'''
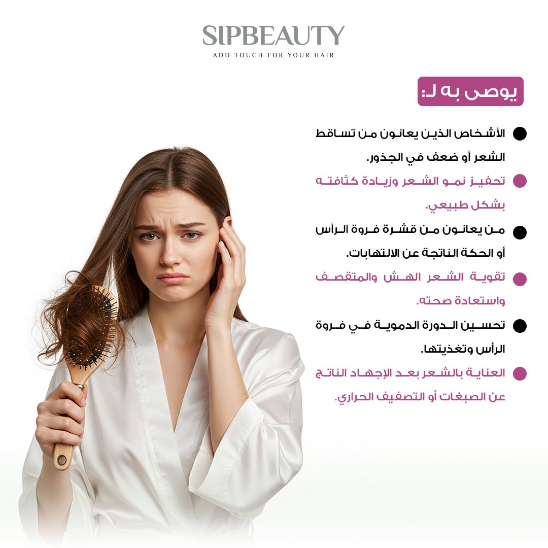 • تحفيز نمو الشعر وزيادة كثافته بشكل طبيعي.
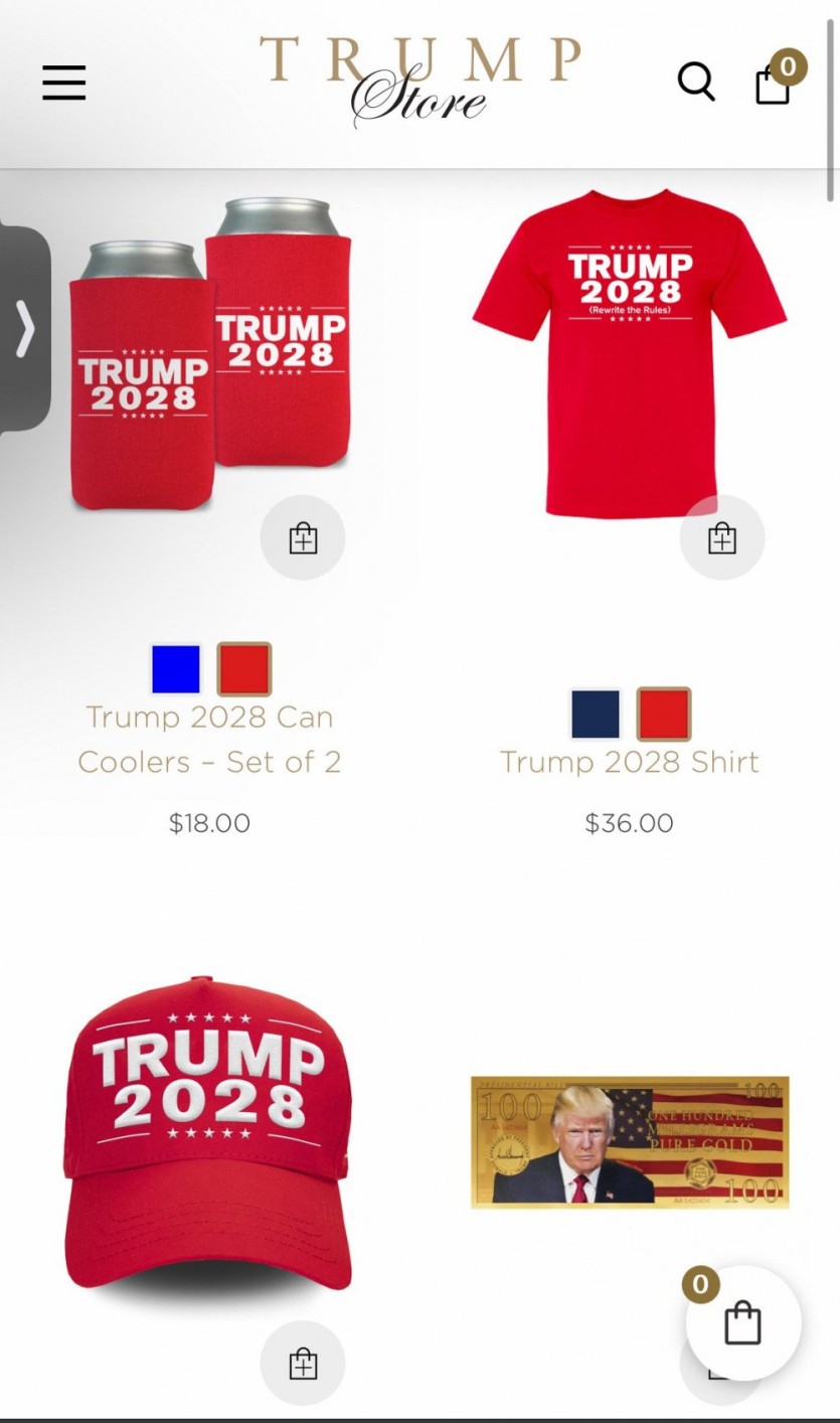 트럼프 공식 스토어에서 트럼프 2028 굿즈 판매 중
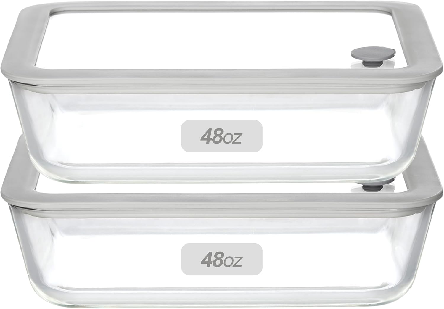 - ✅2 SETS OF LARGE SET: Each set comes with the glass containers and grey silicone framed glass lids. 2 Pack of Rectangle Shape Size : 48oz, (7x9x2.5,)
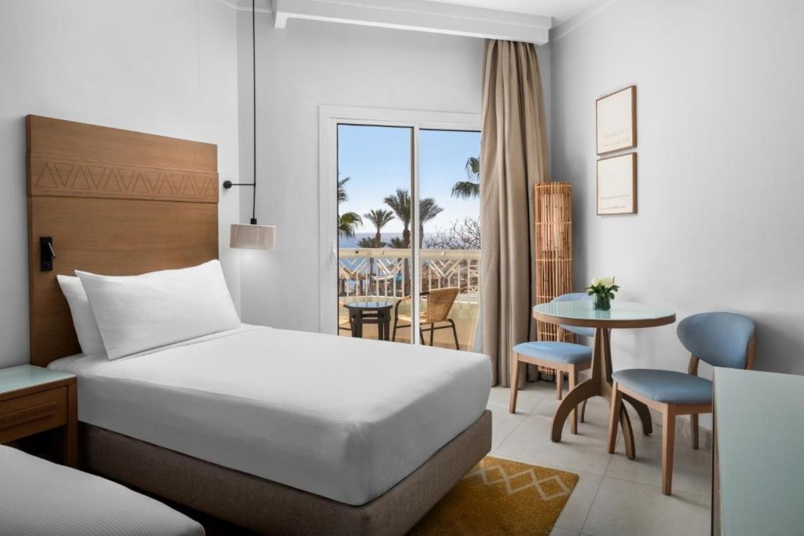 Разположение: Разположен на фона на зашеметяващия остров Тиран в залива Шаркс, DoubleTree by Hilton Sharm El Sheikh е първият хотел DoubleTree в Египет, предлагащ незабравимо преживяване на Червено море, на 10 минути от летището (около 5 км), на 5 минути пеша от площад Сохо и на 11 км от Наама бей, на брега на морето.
'''
* [WHAT TO DO] Take the whole listing above and copy it exactly. Pictures do not go into the copy.

* [RESULT OF THE TASK]
 • تحفيز نمو الشعر وزيادة كثافته بشكل طبيعي.
 트럼프 공식 스토어에서 트럼프 2028 굿즈 판매 중
 - ✅2 SETS OF LARGE SET: Each set comes with the glass containers and grey silicone framed glass lids. 2 Pack of Rectangle Shape Size : 48oz, (7x9x2.5,)
 Разположение: Разположен на фона на зашеметяващия остров Тиран в залива Шаркс, DoubleTree by Hilton Sharm El Sheikh е първият хотел DoubleTree в Египет, предлагащ незабравимо преживяване на Червено море, на 10 минути от летището (около 5 км), на 5 минути пеша от площад Сохо и на 11 км от Наама бей, на брега на морето.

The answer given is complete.